In our present study, one frameshift mutation in exon 22 (c.5235delA heterozygous mutation, p.(A1746Lfs*39)) and one nonsense mutation in exon 31 (c.7048G > A heterozygous mutation, p.(Q2350*)) were identified in KMT2D using next-generation sequencing. Considering that all the patients’ parents were not found to carry KMT2D mutations, so both the patients harbored two de novo genetic mutations. In summary, we identified two novel de novo KMT2D mutations in two Chinese boys with KS, which adds information to the growing knowledge on the mutational spectrum of KS.
We thank all the patients and their families for their collaboration in the study.
This study was funded by the National Nature Science Foundation of China (Grant No. 81471308) and National Health and Family Planning Commission of China and China Food and Drug Administration (Registration No.
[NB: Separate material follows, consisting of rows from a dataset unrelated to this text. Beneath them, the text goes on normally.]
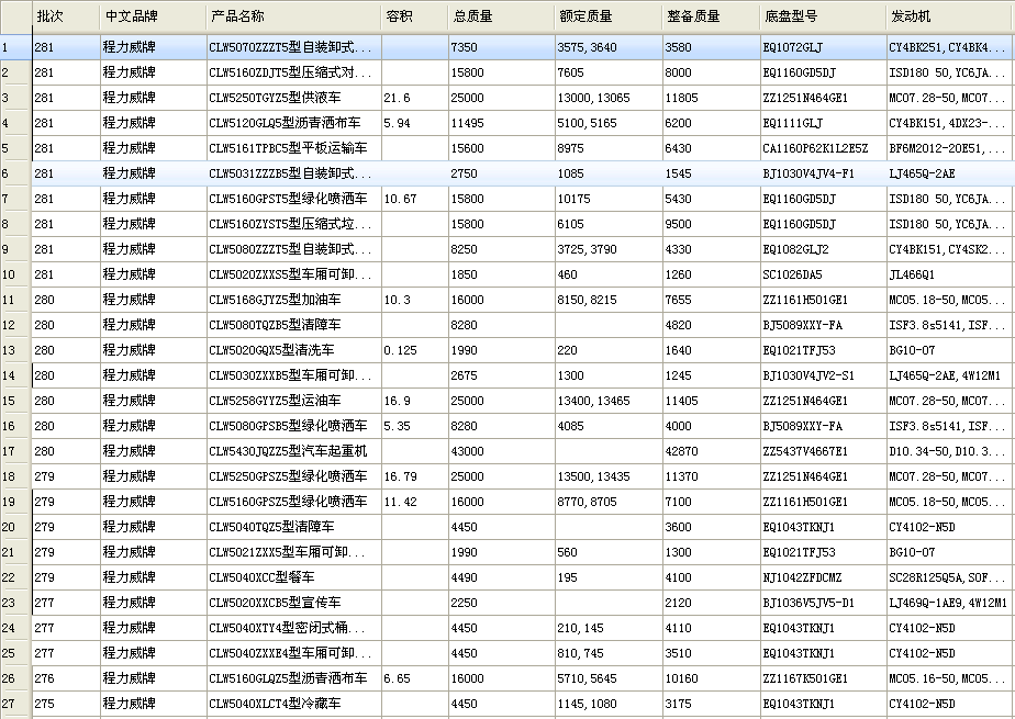 2016年是實現“十三五”規劃開局之年,又適逢環保部實施國五排放升級,為適應市場需要,程力公司在282批新上公告56個,283批又跟進了56個公告,2批公告總量達到112個,其中國五車型102個,新能源車型9個。車型覆蓋綠化噴灑車、壓縮式垃圾車、高空作業車、吸糞車、車廂可卸式垃圾車、自裝卸式垃圾車、掃路車、吸污車、壓縮式對接垃圾車、清洗吸污車、洗掃車、清洗車、運油車、鋁合金運油車、腐蝕性物品罐式運輸車、鮮奶運輸車、粉粒物料運輸車、供液車、冷藏車、散裝飼料運輸車、清障車、舞臺車、售貨車、同步碎石封層車、平板運輸車、純電動車輛等,可謂是新品大盤點。以上車型中,不僅有傳統車型,也不泛為適應市場新形勢而開發的智能型車。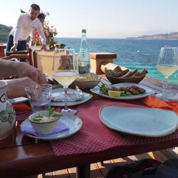 Endlich haben wir Theresa und Inaldi wieder gefunden 😁 Jetzt verbringen wir noch ein paar Tage zusammen am Meer. Der erste Tag zusammen war schon mal total entspannt mit Bruschetta alla Albania,Leggi altro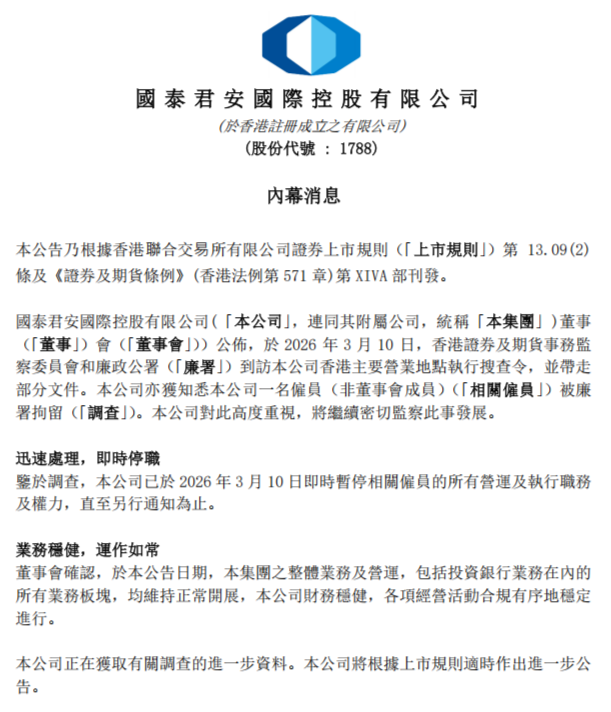 3月12日盘前,国泰君安国际控股有限公司 (下称国泰君安国际,1788.HK)突然公告有雇员被拘留调查。当天,香港证券及期货事务监察委员会(下称香港证监会)和廉政公署公告打击涉嫌内幕交易及贪污行为。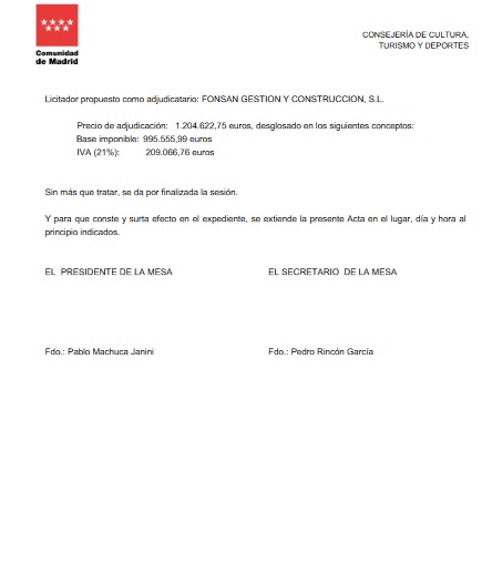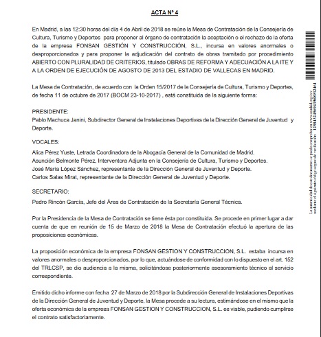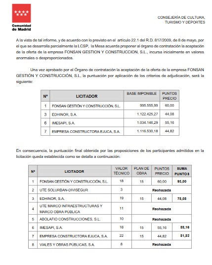 Según cita el acta de la Mesa recogida por Matagigantes.NET, la proposición económica de la empresa FONSAN “estaba incursa en valores anormales o desproporcionados” debido a que la oferta de la licitación era de 1.204.622,75€, más de 500.000€ menos que el valor estimado de contrato que hizo la Comunidad de Madrid (1.783.264,94€).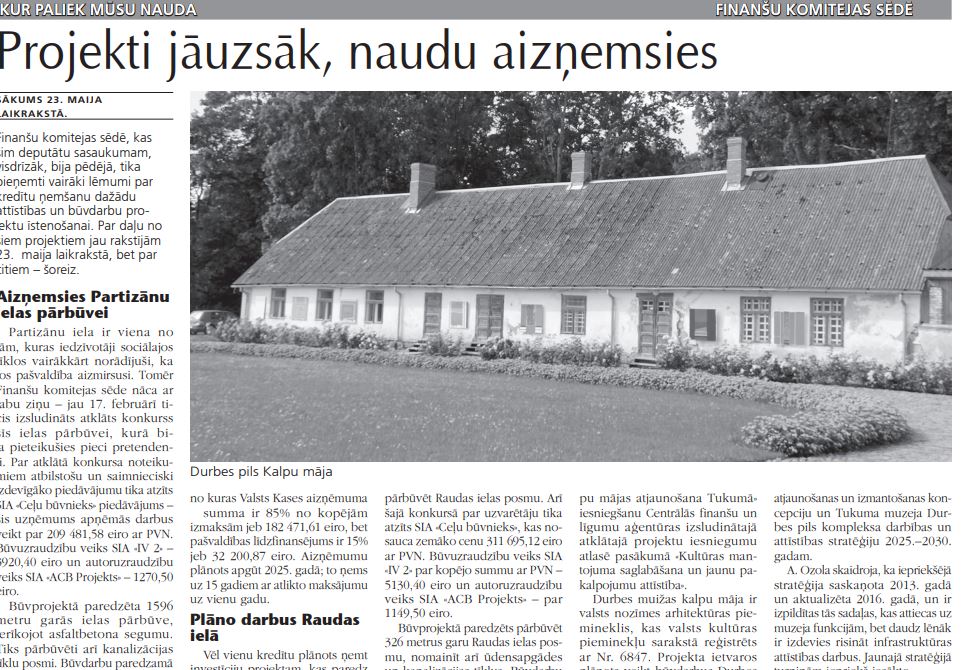 Deputāti atbalstīja projekta pieteikuma «Durbes muižas kalpu mājas atjaunošana Tukumā» iesniegšanu Centrālās finanšu un līgumu aģentūras izsludinātajā atklātajā projektu iesniegumu atlasē pasākumā «Kultūras mantojuma saglabāšana un jaunu pakalpojumu attīstība».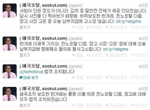 변희재 대표는 9일 자신의 트위터를 통해 "서빙이 안된 정도가 아니라 김치 등 밑반찬 전체가 제공 안되었다. 당시 사진을 다 찍어놨기 때문에 허위보도한 언론, 친노포털, 식당 사장 등 오늘 남부지검에 고소장 넣는다"며 강경한 입장을 드러냈다.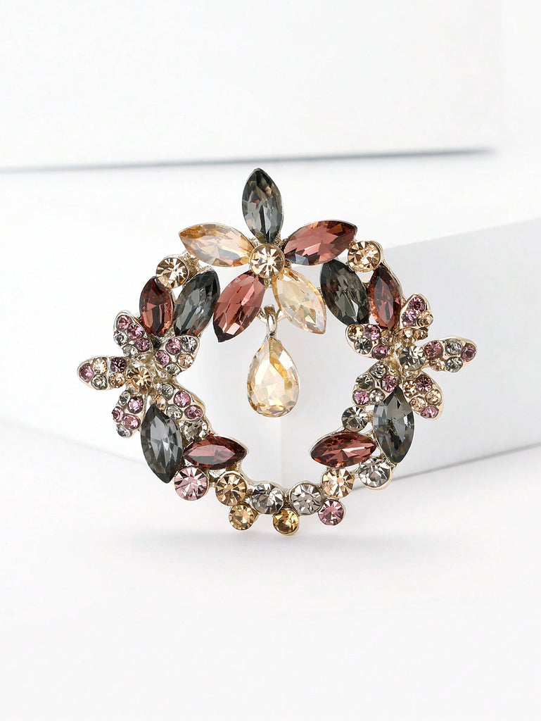 1pc Crystal Flower Design Fashion Brooch Pin Suitable For Women Everyday Wear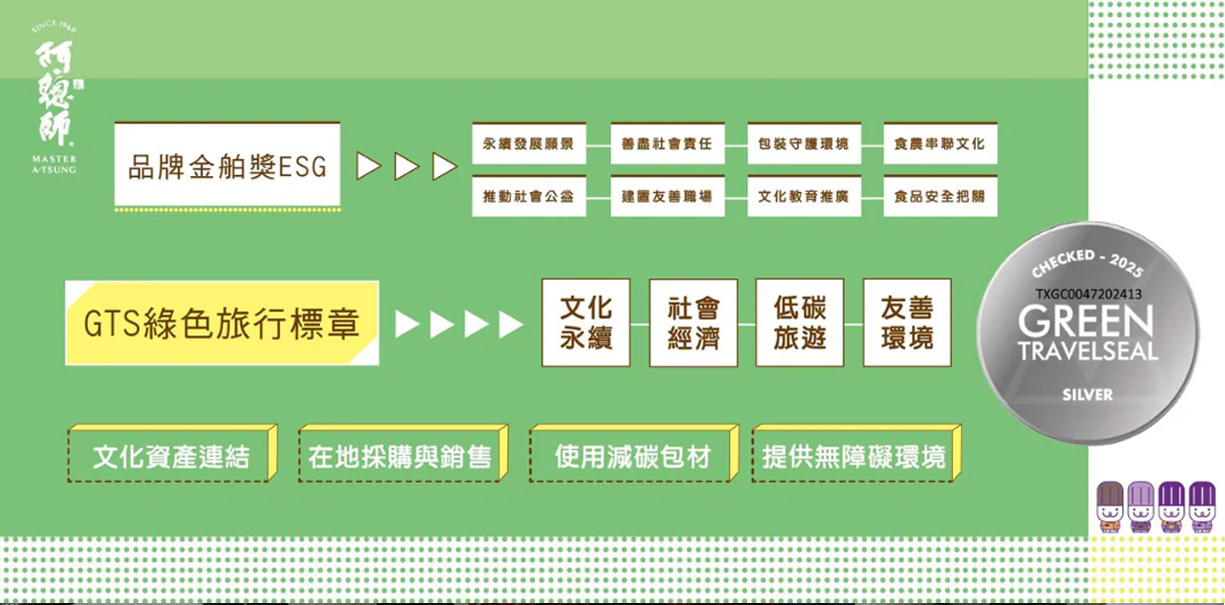 - 民國114年-阿聰師芋頭文化館榮獲台中市旅遊局GTS觀光永續綠色旅遊標章二星銀級殊榮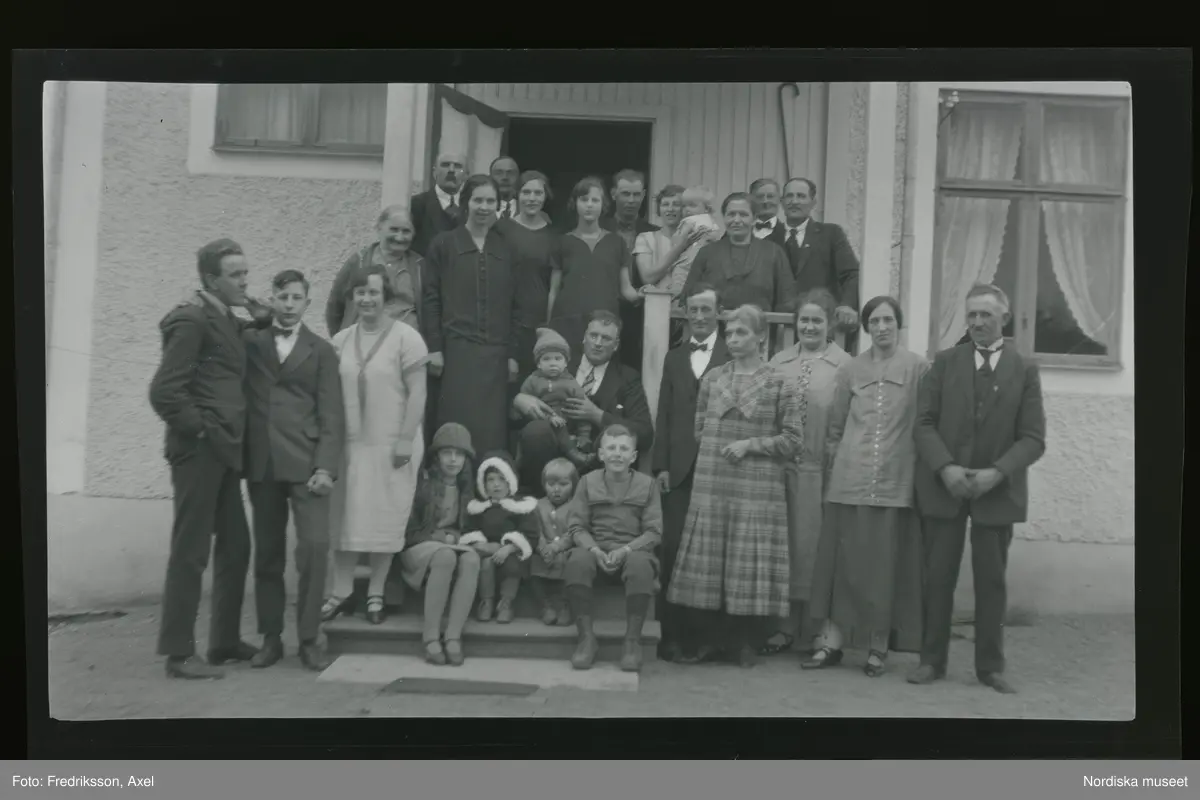 Grupporträtt. Kvinnor, män och barn poserar på trappan till ett hus.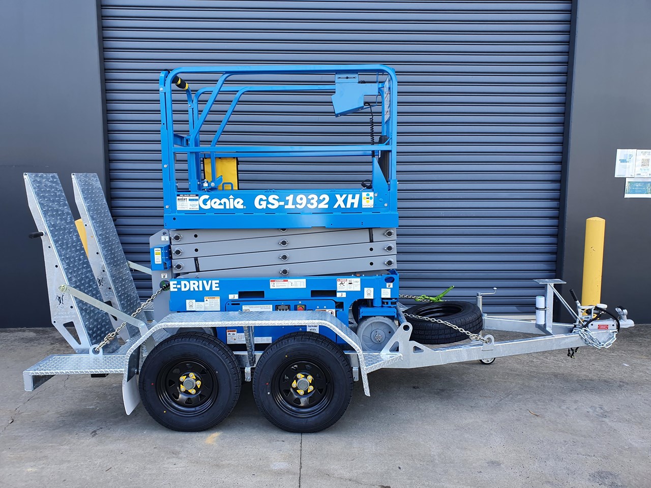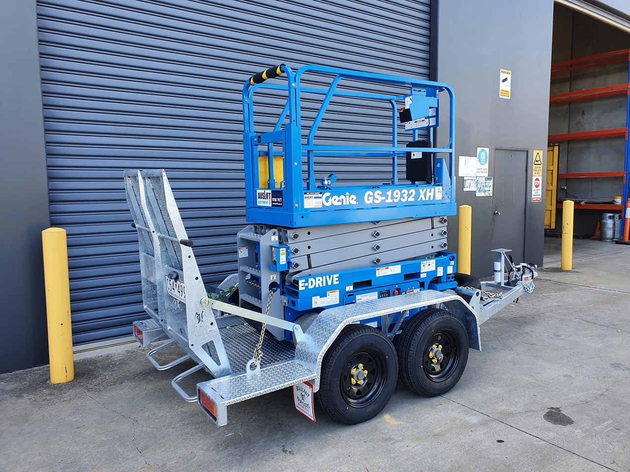 Hire a 19ft Electric scissor lift from Auslift and pick it up yourself on one of our quality bullant trailers.

CMR-20161129-1003).
Availability of data and materials
The datasets used and analyzed during the current study are available from the corresponding author on reasonable request.
CX and CW contributed equally as co-first authors. JL was the corresponding author. CX, CW and YW performed the mutational analysis and literature review. JZ and LW drafted the figures and revised the manuscript. YW, RL and JL participated in the clinical diagnosis. CX, CW and JL wrote the manuscript. All authors read and approved the finial manuscript.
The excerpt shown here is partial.